Gene Usage

The immune repertoire, comprised of a vast array of T-cell and B-cell receptors (TCRs and BCRs), is generated through a process of V(D)J recombination. During this process, different V (Variable), D (Diversity, for heavy chains), and J (Joining) gene segments are randomly selected and joined together, creating a unique receptor sequence. However, this selection is not always purely random; certain gene segments may be preferentially used, a phenomenon known as "gene usage bias."

Analyzing VJ gene usage is critical for understanding the composition and dynamics of the immune repertoire. It reveals which gene segments are favored by the immune system, either at baseline or in response to stimuli like infection, vaccination, or disease. A shift in gene usage patterns can signal a targeted immune response, where clones using specific VJ genes proliferate to fight a pathogen. Therefore, tracking gene usage provides insights into the mechanisms of immunity and can help identify biomarkers for various conditions.
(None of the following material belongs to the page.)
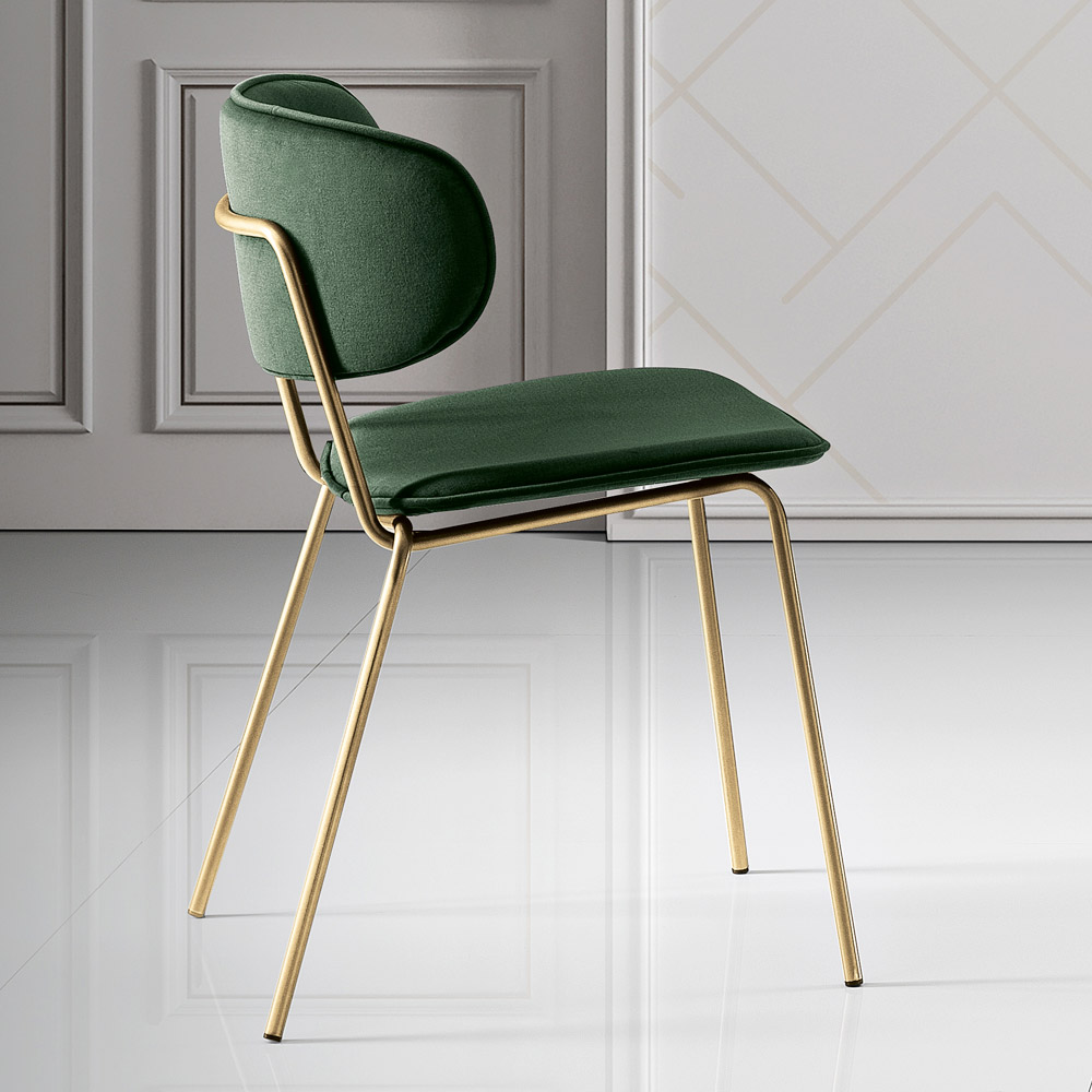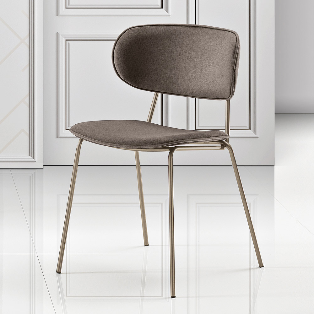 Denne stol er en designjuvel, perfekt til dem, der ønsker at kombinere funktionalitet og stil. Sædet og det buede ryglæn er dækket af et stof, hvilket giver en komfortabel og klassisk siddeoplevelse. Stolens enkle, men sofistikerede silhuet fremhæves af metalbenene , som tilføjer et strejf af moderne varme og en følelse af visuel lethed.

This guide will walk you through calculating and visualizing VJ gene usage with the V/J Gene Usage block.

Project setup

Before beginning the gene usage analysis, ensure you have successfully run the MiXCR Clonotyping block on your sequencing data or the Import V(D)J Data block if you are starting with pre-processed data. The V/J Gene Usage block uses the clonotype tables generated by these upstream blocks as its input.

Performing gene usage analysis

Follow these steps to run the gene usage analysis on your immune repertoire data.
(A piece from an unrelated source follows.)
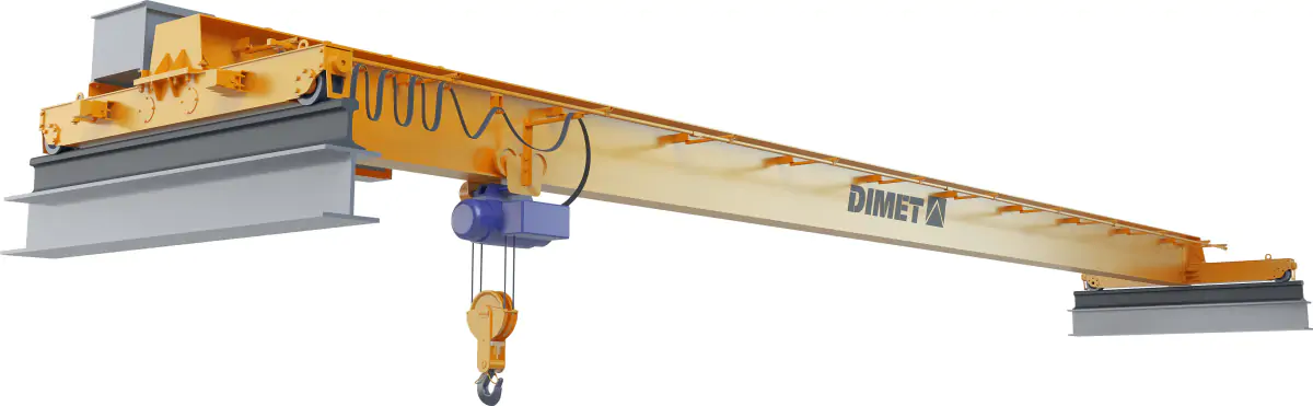 Краны мостовые однобалочные опорные электрические DIMET имеют продольную ездовую балку. Материал пролетной балки – низколегированная конструкционная сталь 09Г2С по ГОСТ 19281.

Adding the V/J Gene Usage block

From your project's analysis pipeline, click the Add Block button.
A dialog box will appear. Use the search bar to find and select the V/J Gene Usage block under the "Downstream" category.
Click Add to Project to add it to your analysis pipeline.

Configuring the analysis

Once the block is added, you need to configure the settings for the analysis on the right-hand panel.

Select dataset: Choose the clonotyping results you wish to analyze from the dropdown menu. For example, you might select IG Heavy.
Group by: Decide whether to calculate usage based on individual Allele variants or at the broader Gene level. The default and most common setting is Gene.

tip

If you need to analyze multiple chains (e.g., IG Heavy and IG Light), you must add a separate V/J Gene Usage block for each one.

Run the analysis

Once the settings are configured, click the Run button. The analysis will execute quickly, producing three interactive heatmap visualizations: V Gene Usage, J Gene Usage, and V/J Gene Usage.

A deep dive into weighted vs. unweighted analysis

The distinction between weighted and unweighted analysis is crucial for interpreting gene usage patterns correctly. You can toggle between these two modes using the buttons at the top right of the visualization.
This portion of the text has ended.